Welcome to the Benefice of Hazelbury Bryan and the Hillside Parishes 
of 
Belchalwell, Fifehead Neville, 
 Ibberton, Mappowder and Woolland

 

The Parish of St Peter and St Paul at Mappowder

 

Mappowder is a village of some seventy houses, including outlying farms (population about a hundred and seventy). The centre of the village is listed as a conservation area. For most of the 20th century, the village economy was dependent on the dairy farming industry with a number of small farms. As farming has changed with farms becoming larger units, their number has decreased. The population is now a mix of those who have chosen to come and retire in the village and those who earn their livings elsewhere, with a few of the original village families still left. There is a very small number of children and teenagers who travel outside the village to schools. There are nine on the fairer share count. The church is dedicated to St Peter and St Paul. The congregation is drawn from the whole Benefice and numbers attending services have been slowly reducing, the best attended service being monthly Morning Praise with usually between twelve and sixteen people, including the Benefice choir. The monthly communion service (alternate months Book of Common Prayer, and Common Worship) normally attracts between six and eight.
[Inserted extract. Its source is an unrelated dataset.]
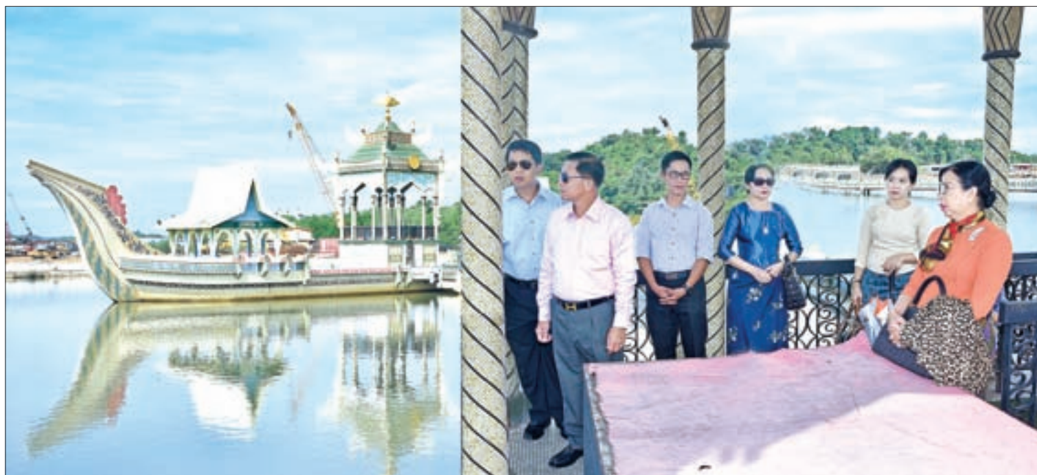
Senior General Min Aung Hlaing and wife Daw Kyu Kyu Hla visiting around in Brunei.

Daw Kyu Kyu Hla, wife of Senior General Min Aung Hlaing has also paid a courtesy call on the Queen of Brunei at the palace.— Myanmar News Agency

The church is generally well attended for the Christmas Eve Carol Service and, reflecting its farming origins, the Harvest Festival. The local churchgoers are a lively group, actively involved in village matters, including events at the village hall and the production of a monthly village newsletter. The church itself is a mixture of medieval and Victorian. The church and its environs are well maintained on a routine basis thanks to the efforts of a small band of people, not all of whom are church goers. A Quinquennial review was carried out in 2019 and recommendations are being acted upon and reviewed. The bells were re-hung at the millennium, using an anonymous donation, and there is an enthusiastic team of bellringers drawn from the surrounding villages.